For me, it was more of Do-It-Yourself project, where I just needed simple script to monitor CPU and do some scale action base on monitor CPU.

Docker provides an command stats, which provides the stats of container running

docker stats display a live stream of the following container(s) resource usage statistics:

  • CPU % usage
  • Memory usage, limit, % usage
  • Network i/o
  • Disk i/o

The stats are updated every second. Here is a sample output:

CONTAINER           CPU %               MEM USAGE / LIMIT     MEM %               NET I/O               BLOCK I/O
4827f0139b1f        10.94%              706.2 MB / 1.045 GB   67.61%              299.7 kB / 2.473 MB   456 MB / 327.3 MB

I was planing to exploit more this command for CPU monitoring.

Docker engine provides Docker Remote API, which is REST API and can be use communicate to the engine. Being REST API, I can call this in any of my favorite language I want.

Since, I was more in for the scripting, python become the prefer choice of language.

I began my search with python libraries which can connect to Docker. This could be very frustrating. When you search Google, various results show up which refer to different version of docker client, but none EXPLICITLY mentions it. It took couple of days for me to figure it out.

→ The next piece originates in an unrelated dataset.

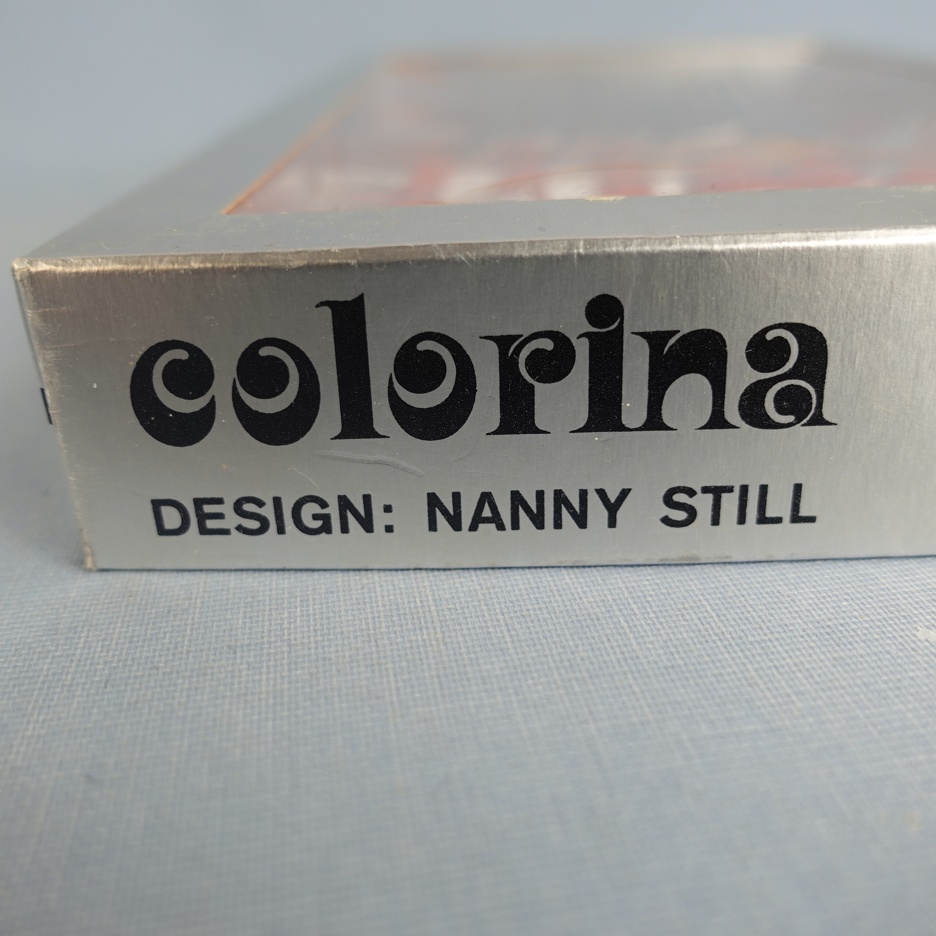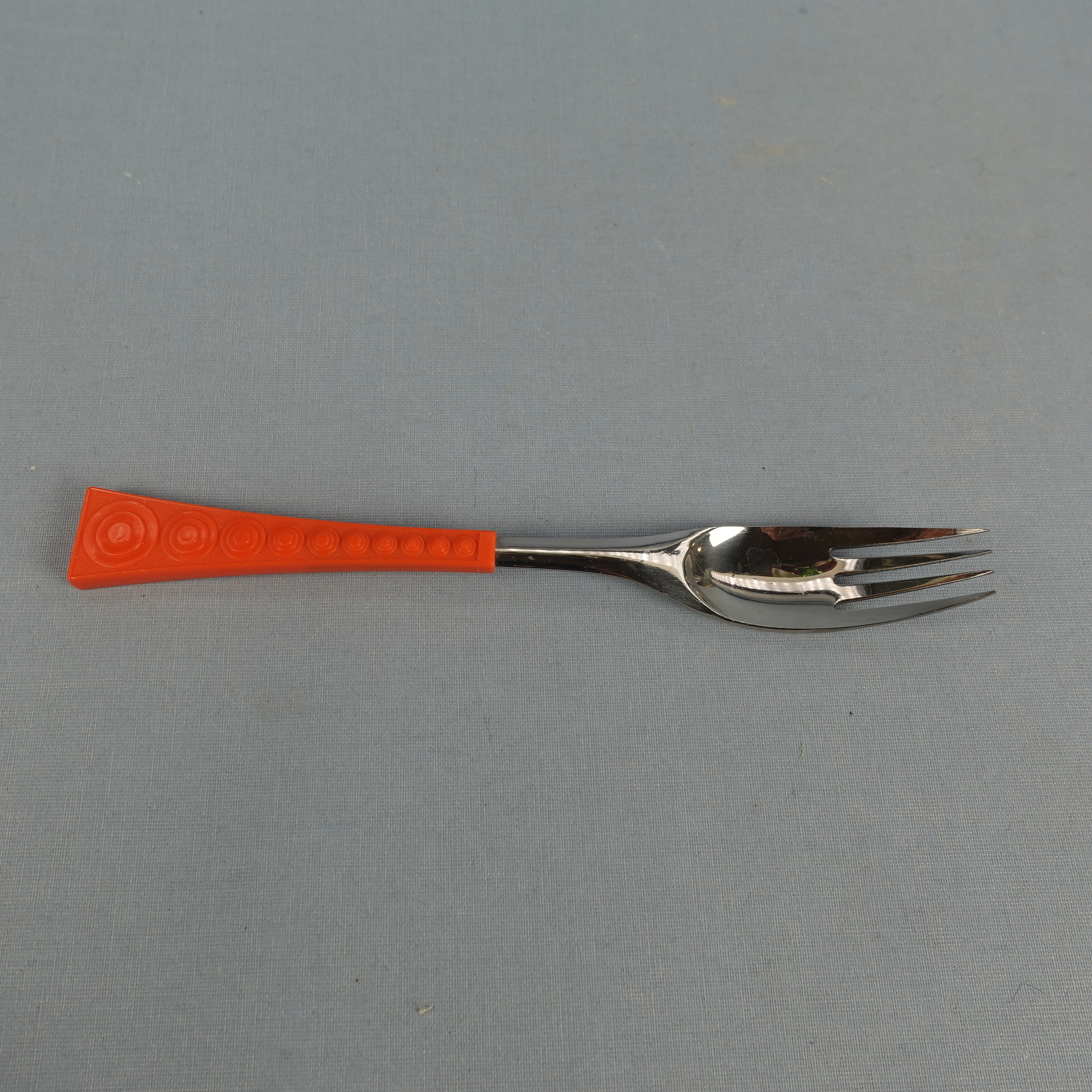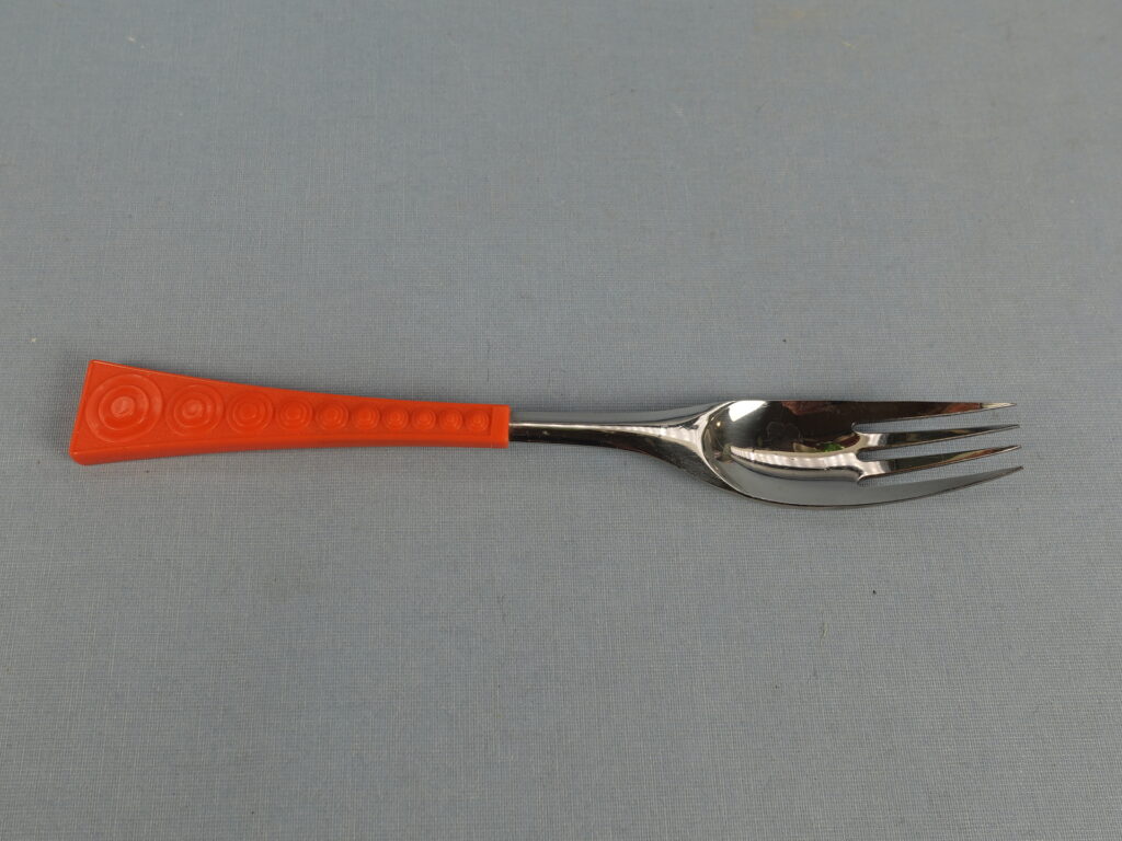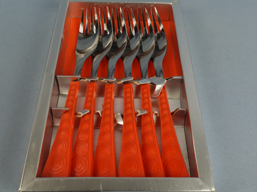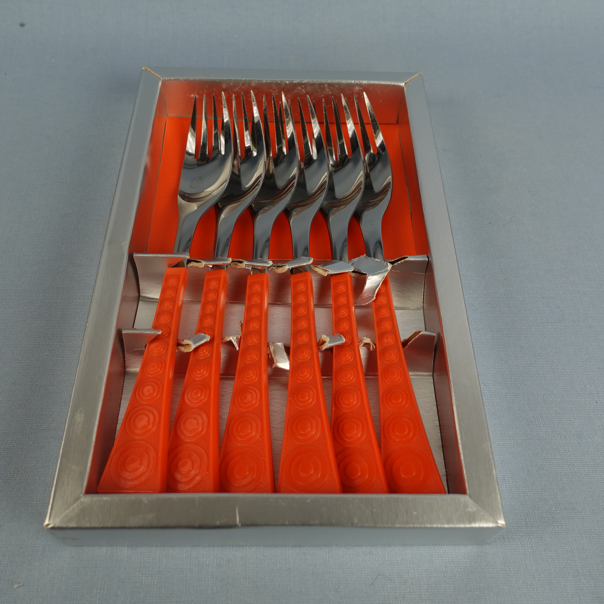 Orange dinner forks from the Colorina series designed by Nanny Still for Hackman. The series was produced in 1970-73 and was also produced in red, green and blue. The cutlery handles are made of decorative plastic and the rest is made of stainless steel. The length of the dinner fork is 19.7 cm. The forks for sale are in their original packaging and are almost unused.

Let me point out few examples

There is tutorial at which says

pip install docker-py

>>> from docker import client
>>> cli = Client(base_url='unix://var/run/docker.sock')

There is official docker client from docker, which says as follow

pip install docker

>>> import docker 
>>> client = docker.DockerClient(base_url='unix://var/run/docker.sock')

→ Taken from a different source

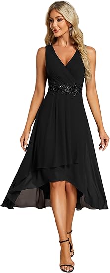 Ever-Pretty Women's Summer High Low Sun Dress Sleeveless V Neck Flowy Ruched Chiffon Formal Dress for Wedding Guest 41926

Now,  here you see, there are two different API to instantiate client.

Advice would be to read the documentation from Github site. They would be the latest

Coming back to problem, get container stats using Docker python client. I have written my pet shop code to get the docker container CPU using Python client. In the remainder of this article, I would be referencing my script code which you can get from

When I was developing this script, I was writing against stand alone docker engine v 1.11, but I intend to run against docker engine 1.11 with swarm 1.25 on TLS.  I had write a method in the – GetDockerClient, where I can connect to local as well as swarm instance by passing the environment parameter. It interesting to know, how to connect to remote TLS enable docker host by passing client certificates.

If you use docker-compose, there would be problem to get the container name. Compose formats container name with the prefix folder name where compose file resides and suffix of the count of containers. i.e. container name like ‘coolweb’ will translate to ‘foldername_coolweb_1′. contains the getContainerInComposeMode method, which get container in by formatting container name with compose pattern.

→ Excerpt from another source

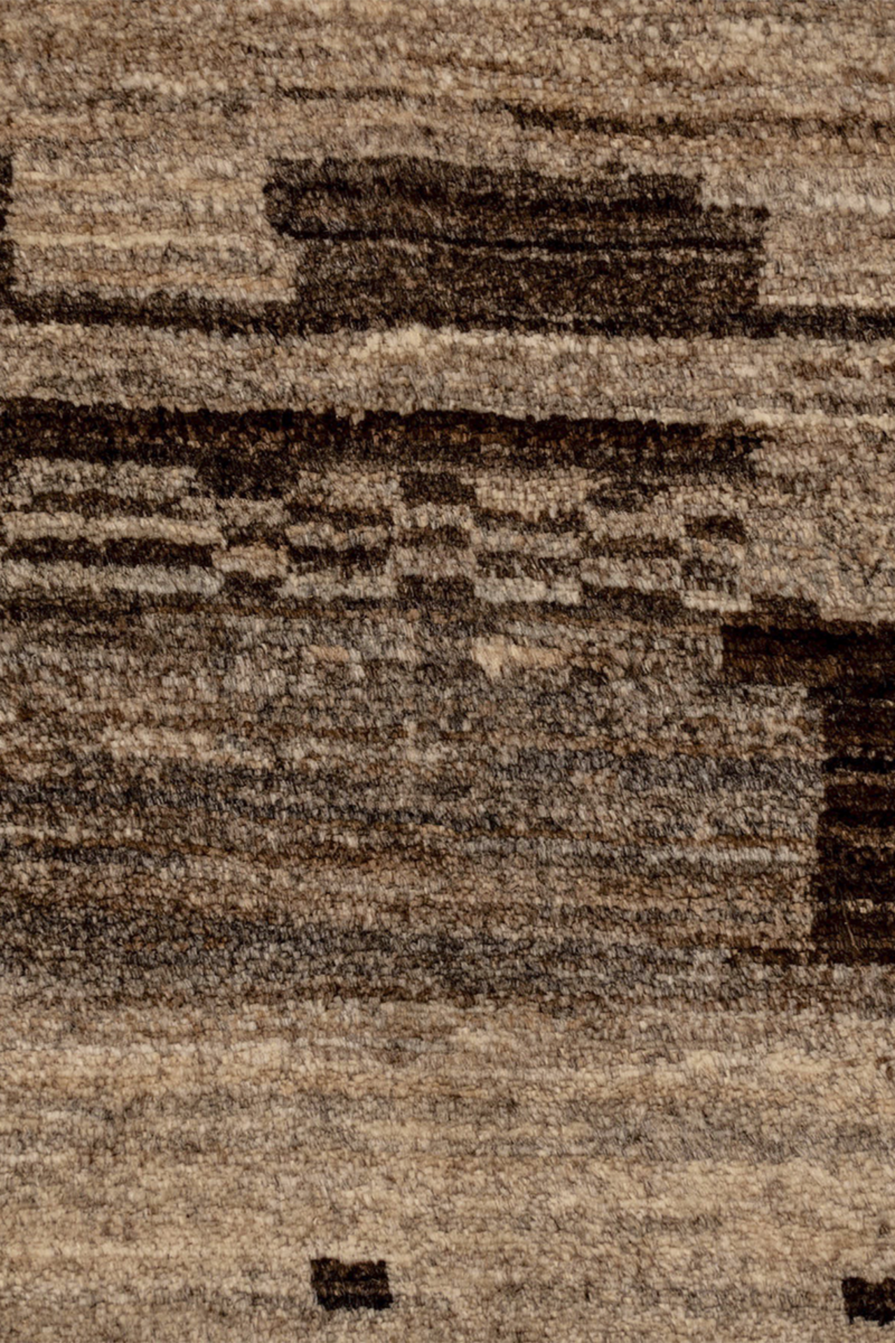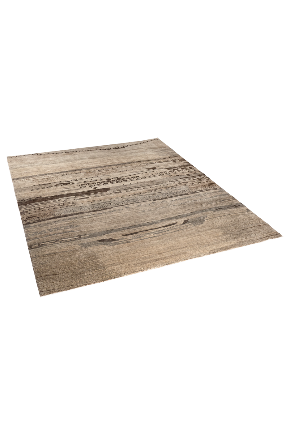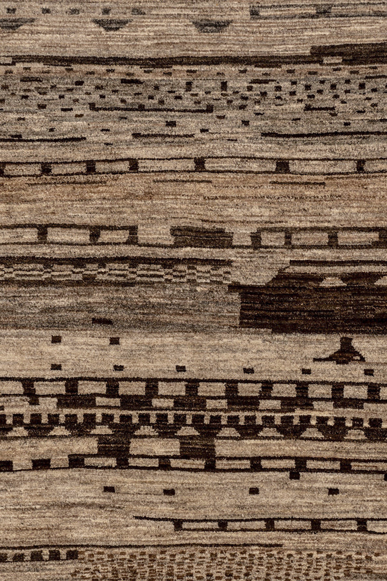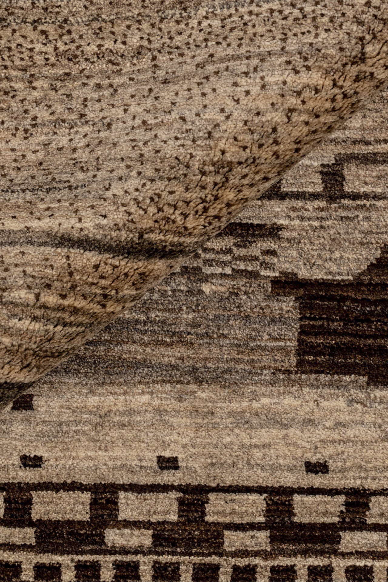 Die Wolle bleibt in ihrem ursprünglichen Farbspiel: von hellem Wollweiß bis zu erdigem Braun, mit all den feinen Zwischennuancen, die nur natürliche Wolle kennt. So entsteht ein Teppich, der nicht nur Wärme und Struktur in den Raum bringt, sondern auch eine Verbindung zur Landschaft und zum nomadischen Ursprung.

I know, you would be thinking, code isn’t in best form, but it more of jugglery to get it done rather than making it master piece for the world to see.

Moving forward, of getting the docker stat. It come with another surprise, docker python API doesn’t have stats() method on client object. In fact it has stats() method on the container object. So, basically it means, you can’t get stats like you get with docker stats command which gives stats for all the container running on the docker host. Bad! Even people over the internet express their frustration about docker-py  like in this blog.

Holding our focus, moving back to code to get stats about the container. In the, get_CPU_Percentage method, you will get code get container stats

# 'con' is container which you need to monitor
constat = con.stats(stream=False)

stream=false mean, you will get stats for just one time, and not a continues stream object.

It will give back json object something like this below. It large object, but I have just highlighted the CPU related stuff

    "read": "2016-02-07T13:26:56.142981314Z",
    "precpu_stats": {
        "cpu_usage": {
            "total_usage": 0,
            "percpu_usage": null,
            "usage_in_kernelmode": 0,
            "usage_in_usermode": 0
        "system_cpu_usage": 0,
        "throttling_data": {
            "periods": 0,
            "throttled_periods": 0,
            "throttled_time": 0
    "cpu_stats": {
        "cpu_usage": {
            "total_usage": 242581854769,
            "percpu_usage": [242581854769],
            "usage_in_kernelmode": 33910000000,
            "usage_in_usermode": 123040000000
        "system_cpu_usage": 3367860000000,
        "throttling_data": {
            "periods": 0,
            "throttled_periods": 0,
            "throttled_time": 0
    "memory_stats": {
        "failcnt": 0,
        "limit": 1044574208

precpu_stats are CPU stats before point of reference, say 10 sec. cpu_stats are stats at point in time. If you look more into get_CPU_Percentage method, it juggles from the JSON object, get relevant variables and computes the percentage CPU for the container.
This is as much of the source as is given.